En los alrededores del recinto de las cuevas se pueden realizar actividades o, simplemente disfrutar de unas bonitas vistas de las montañas Flameantes. Estas montañas de arenisca roja se encuentran cerca del borde norte del desierto de Taklamankan y al este de la ciudad de Turpán y tienen una longitud de unos 100 km y una altura media de unos 500 m, con picos de hasta 800 m. Es uno de los lugares más calurosos de China, por lo que su nombre se debe tanto al color (parecido al fuego) como a las altas temperaturas.

Estas montañas fueron el centro de una novela titulada Viaje al Oeste escrita por Wu Cheng’en, escritor de la dinastía Ming, que relata el trayecto de un monje budista llamado Tang Seng, inspirado por el monje Xuan Zang que viajó a la India para obtener escrituras budistas el año 627.

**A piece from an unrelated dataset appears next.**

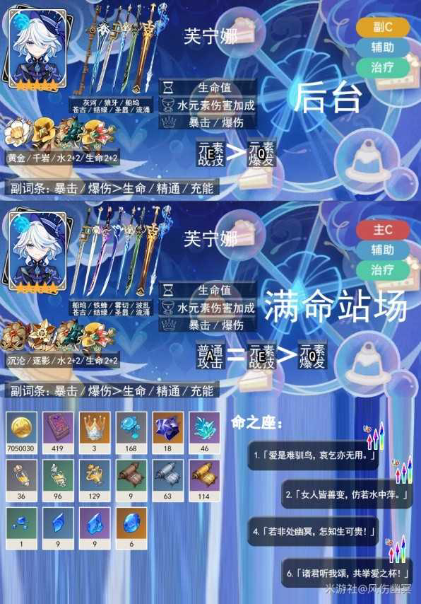 《原神》中的芙宁娜是一名水属性五星角色,那么芙宁娜适合什么位置,要怎么出装加点呢?请看下面由“风伤幽冥”带来的《原神》芙宁娜培养简要一图流,希望对大家有用。

Según se relata en la novela, Tang Seng y sus 3 discípulos, tras salir de Gaochang, se encontraron con las montañas en llamas por lo que si querían cruzarlas debían pedir prestado un abanico de hojas de plátano a la Princesa del Abanico de Hierro. Uno de los discípulos, Sun Wukong (o el rey Mono), fue el encargado de pedir prestado el abanico, sin embargo, la princesa, quien era la esposa del Rey Toro Demonio, se negó a prestarle su abanico. Por esta razón, Sun Wukong tomó una píldora que lo transformó en insecto y se introdujo en la barriga de la princesa cuando ésta estaba bebiendo té. Debido al fuerte dolor de estómago provocado, la princesa accedió a prestarle el abanico, sin embargo, el abanico resultó ser falso. Entonces Sun Wukong se convirtió en el Rey Toro Demonio para engañarla y esta vez sí lo consiguió. Pero el rey volvió a casa y descubrieron el engaño. Tras pelear los tres discípulos contra el rey, consiguieron derrotarlo y pudieron al fin usar el abanico de hojas plátano para apagar el fuego, y seguir con su trayecto al oeste para conseguir el libro sagrado del budismo.
Por otro lado, según el folclore uigur, en las profundidades de la montaña vivía un dragón malvado que fue derrotado por un héroe que enfrentó al dragón y lo cortó en 8 trozos. La sangre del dragón tiñó la montaña de rojo y los 8 trozos se convirtieron en los 8 valles de las montañas Flameantes.

Y tras está incursión en la historia de la Ruta de la Seda, volvimos a nuestro hotel en Urumqi y nos preparamos para volar a Xi’an a la mañana siguiente.